The Lagrangian and the equation of motion for a planar pendulum with a moving pivot point can be derived using the Lagrange formulation.

- Length of the pendulum: ##l##
- Mass of the pendulum bob: ##m ##
- Angle of the pendulum from the vertical: ## \theta ##
- The pivot point moves along a vertical circular path with a radius ## a ## and a constant angular frequency ## \omega ##.
- Therefore, the coordinates of the moving pivot point can be described as:
$$
(x_0, y_0) = (a \sin(\omega t), -a \cos(\omega t))
$$

The total kinetic energy ##T## of the system is the sum of the kinetic energy of the pendulum bob and the motion of the moving pivot. The position of the bob in terms of the angle ## \theta ## and the moving pivot is given by:
$$
x = x_0 + l \sin(\theta) = a \sin(\omega t) + l \sin(\theta)
$$
$$
y = y_0 - l \cos(\theta) = -a \cos(\omega t) - l \cos(\theta)
$$

The velocity of the pendulum bob is the time derivative of these coordinates:
$$
\dot{x} = \frac{d}{dt}(a \sin(\omega t) + l \sin(\theta)) = a \omega \cos(\omega t) + l \dot{\theta} \cos(\theta)
$$
$$
\dot{y} = \frac{d}{dt}(-a \cos(\omega t) - l \cos(\theta)) = a \omega \sin(\omega t) + l \dot{\theta} \sin(\theta)
$$

The kinetic energy of the pendulum bob is:
$$
T = \frac{1}{2} m (\dot{x}^2 + \dot{y}^2)
$$

The potential energy ##U## of the system is due to gravity acting on the pendulum bob.
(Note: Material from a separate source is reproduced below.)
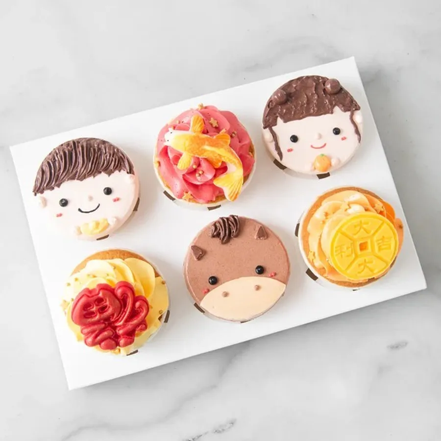 Celebrate the Chinese New Year with our adorable 6pc Lucky New Year Cupcakes! This set includes six delicious cupcakes, each decorated with festive and charming icing designs. Three cupcakes feature sweet designs: a girl, a charming boy, and a cute Horse—each symbolizing joy, prosperity, and good fortune for the new year. The other three cupcakes are beautifully decorated with seasonal designs, capturing the spirit of the celebration. Perfect for sharing with loved ones or gifting to those near and far, these cupcakes offer a delightful combination of flavor, creativity, and festive cheer for your celebrations.

The height ##y## of the bob (with the pivot at ## y_0 = -a \cos(\omega t) ##) is:
$$
y = -a \cos(\omega t) - l \cos(\theta)
$$
The gravitational potential energy is:
$$
U = m g y = -m g \left(a \cos(\omega t) + l \cos(\theta)\right)
$$

The Lagrangian ## L## is the difference between the kinetic and potential energies:
$$
L = T - U
$$

No problem, but to derive the equation of motion, I have to apply the Euler-Lagrange equation:
$$
\frac{d}{dt} \left( \frac{\partial L}{\partial \dot{\theta}} \right) - \frac{\partial L}{\partial \theta} = ???
$$

I don't know what I should put in place of the ??? I assume it is not zero as there is a driving force. How can I calculate that driving force?
 
Last edited:
Physics news on Phys.org
The Euler-Lagrange equation of constrainsts would work. The constraints would be circular motion of pivot with constant omega. But the constraint seems incorporated in your Lagrangian. How about trying RHS=0 and investigate the result whether it is reasonable or not ?
 
Last edited:
wnvl2 said:
I want to calculate the equation of motion of a planar pendulum of length l with a mass m at its end and a pivot point that moves uniformly along a vertical circular path (radius a) with a constant frequency ω.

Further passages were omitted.